I've been trying to mutate a dataset with a user-defined function that includes calls to str_locate
and str_sub
. The aim is to locate then extract the first digit within a sequence of 3 digits amongst strings, then add this digit (as a character
) to a new column called Hundreds.
For example:
- Given string '821': the string '8' is added to
Hundreds
. - Given string 'Af823.22', the string '8' is added to
Hundreds
.
Here is my function:
get_hundred <- function(s) {
match_pos <- str_locate(s, "[0-9]{3}")
return(str_sub(s, match_pos[1], match_pos[1]))

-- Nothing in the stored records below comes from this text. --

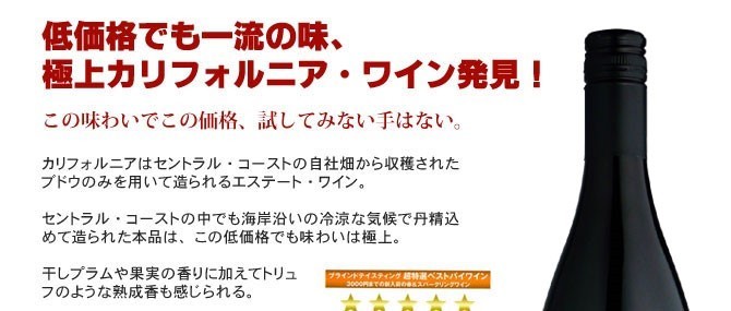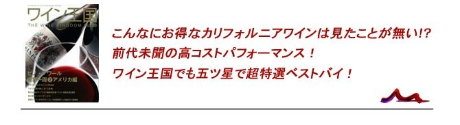 | ■ワインについて | カリフォルニア ジンファンデルファン大注目!前代未聞の高コストパフォーマンス辛口フルボディ赤ワイン!ワイン王国30号で最高の★★★★★5つ星超特選ベストバイワイン獲得!「TASTER'S Guild International金星受賞」&Pacific Rim Int'lで“Best of Class"受賞!(2006)年 パソ・ロブルスと、ロダイにある7つの異なるヴィンヤードから収穫されたジンファンジル100%で造られるエレガントで濃厚でスパイシーな!余韻に微かに甘さすら感じさせる究極フルボディ辛口赤ワインが少量入荷! |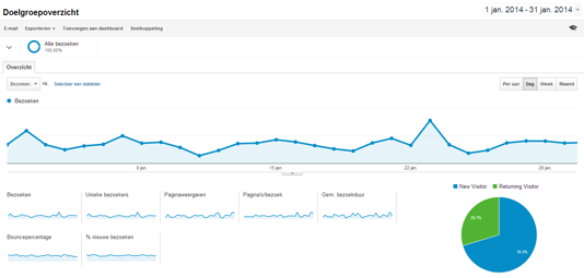 - Bouncepercentage: Dit geeft weer hoeveel procent van de bezoekers die uw website bezoeken na het bezoeken van één pagina weer vertrekt. Een hoog percentage hoeft niet altijd slecht te zijn, maar een overall gemiddelde bouncerate boven de 35% vraagt wel om nadere analyse.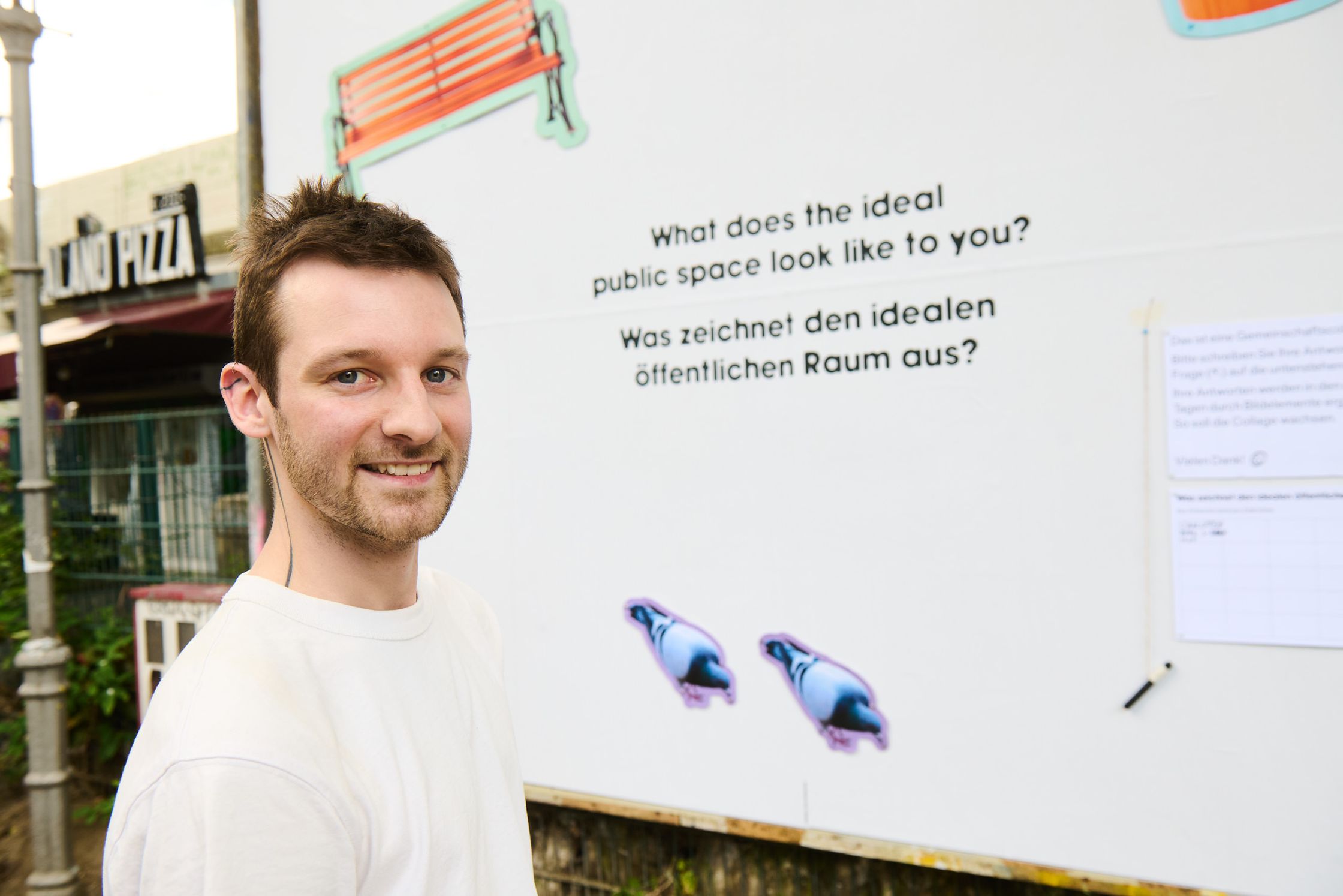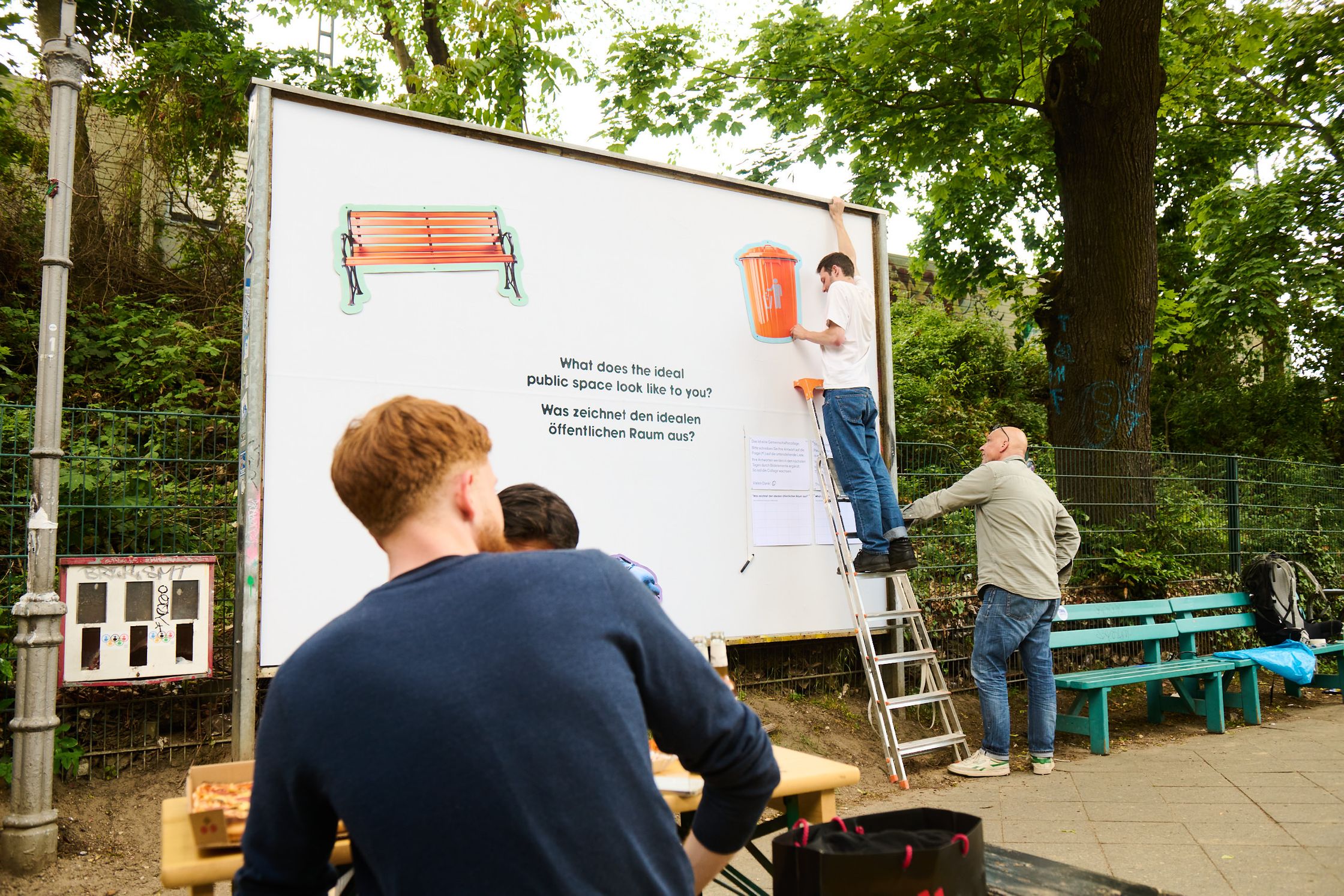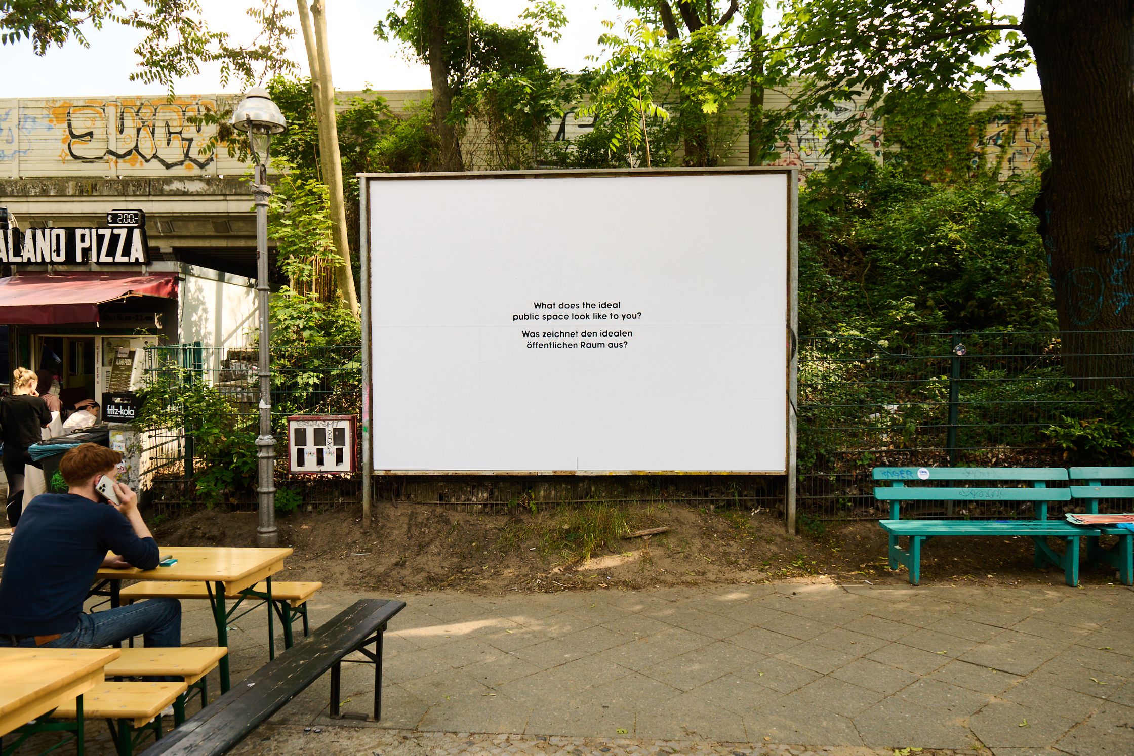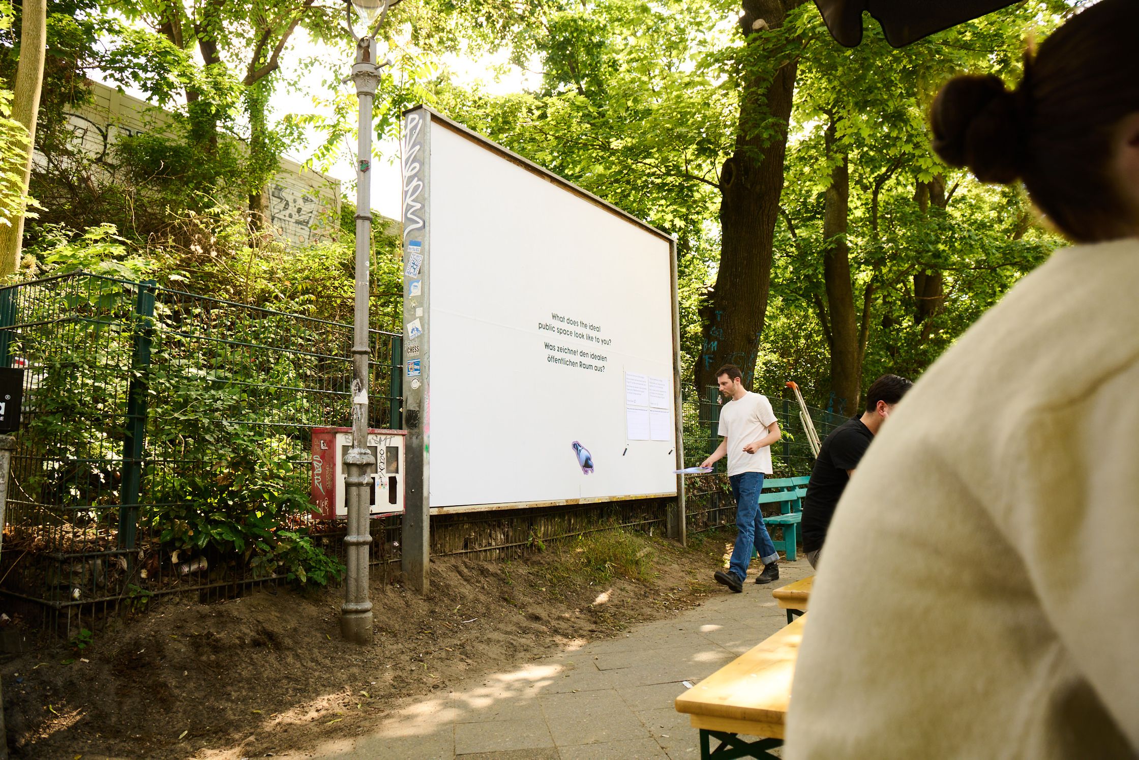 What characterises the ideal public space? To get to the bottom of this question, the billboard became a community collage for ten days. The space was provided with a list of answers and a pen and passers-by were invited to answer the question on site. Every two days, the answers were scrutinised and graphic elements were created based on them - over the course of ten days, a collective vision of the “ideal” public space was created.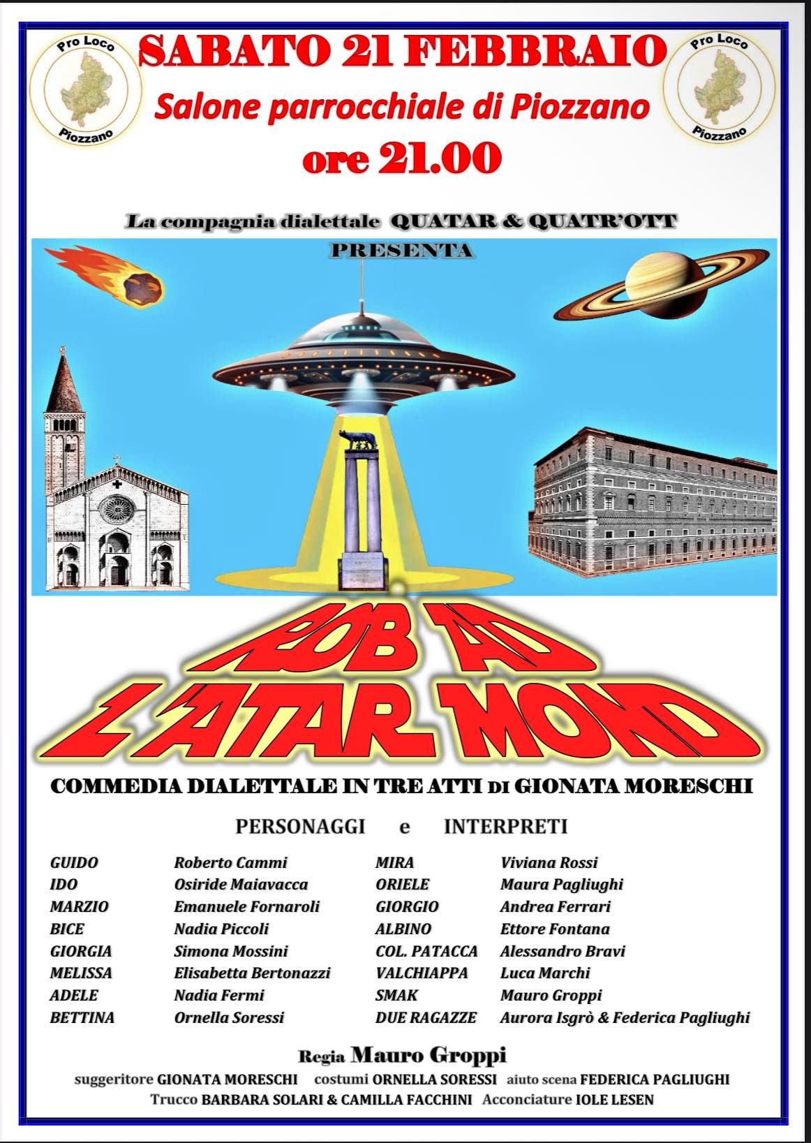 Sabato 21 febbraio alle ore 21.00, presso il Salone parrocchiale di Piozzano, va in scena la Compagnia dialettale Quatar & Quatr’ott, che presenta “Rob ad l’ätar mond”, commedia dialettale inedita in tre atti di Gionata Moreschi, con la regia di Mauro Cammi.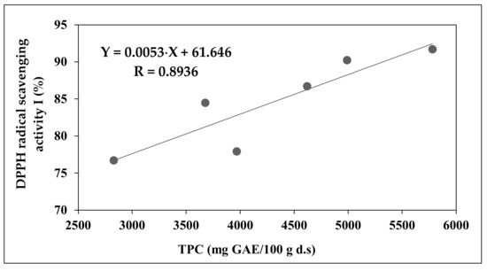 The correlations obtained after simple linear regression model application for DPPH radical scavenging activity and the TPC of blackberries as well as raw and dried processing byproducts are displayed in Figure 2. We recorded a significant positive correlation between the DPPH radical scavenging activity expressed as I (%) versus TPC (the correlation coefficient R = 0.8936). Thus, the redox properties of phenolic compounds which allow them to act as hydrogen donors and reducing agents are primarily responsible for the DPPH radical scavenging activity.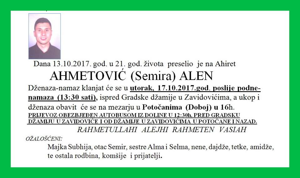 U utorak 17.10.2017. god. u 13:30 sati poslije podne namaza, ispred gradske đzamije u Zavidovićima bit će klanjana dženaza namaz Alenu Ahmetoviću, 21-godišnjem mladiću iz mjesta Alići kod Zavidovića, koji je smrtno stradao u petak 13. Oktobra u Beogradu.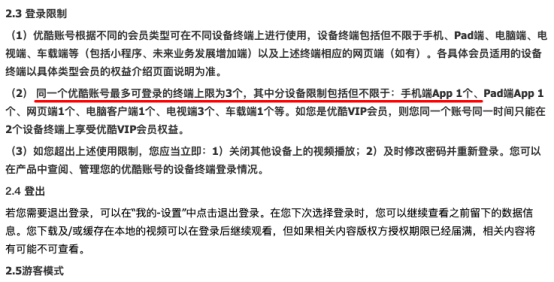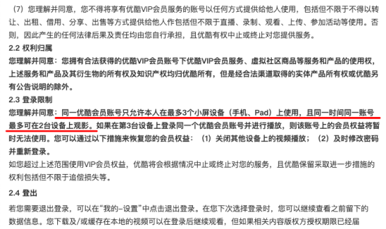 优酷还表示,VIP会员协议早已明确规定,会员服务是一项针对个人的、不可转让的、非商业用途的许可,用户仅可为非商业目的使用,并仅可用作个人观看,不得以转让、出租、借用、分享、出售等方式提供给他人。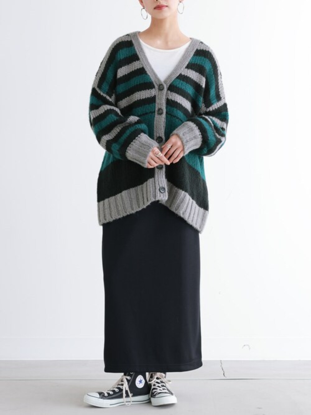 osharewalker staff(osharewalker ZOZO店)のカーディガン/ボレロ「『ミックスボーダー柄ニットカーディガン』」を使ったコーディネート

The first 20 rows of my data look like this:
df1 <- structure(list(call.number = c("372.35044 L4383", "344.049 C235",
"344.410415 DIM", "346.944043 NEI", "808.0667 B2616", "363.6909945 CAST",
"ABS 2015.0", "371.38 MACK", "372.1102 PRAW", "A823.3 WRIG/T",
"havmf test", "[DENTISTRY] CROW", "[DENTISTRY] JAWS", "[DENTISTRY] LOWE",
"[DENTISTRY] MOLA", "[DENTISTRY] SERI", "[DENTISTRY] SKUL", "[DENTISTRY] TEET",
"[HEALTH]ANKL", "[HEALTH]FOOT"), num.items = c(1, 1, 1, 1, 1,
1, 1, 1, 1, 1, 1, 1, 1, 1, 1, 1, 1, 1, 1, 2)), row.names = c(NA,
-20L), class = c("tbl_df", "tbl", "data.frame"))
Filtering the data
In fact I'm only looking for particular forms of string within a large list of call.number
s. I believe the below str_detect
is detecting the forms of string I want.
df2 <- df1 %>%
filter(str_detect(call.number, "^[A-Z]?[A-Z|a-z]?[0-9]{3}.*"))
What am I doing wrong?
Now I do this:
df2 %>%
mutate(Hundreds = get_hundred(call.number))
Doing this however puts an 'A' in the Hundreds
column for row 9, where I expect to see an '8'. Yet, if I call get_hundred
on "A823.3 WRIG/T" (the "equivalent string") the function does return an '8'.
get_hundred("A823.3 WRIG/T")
What is it I'm not understanding here?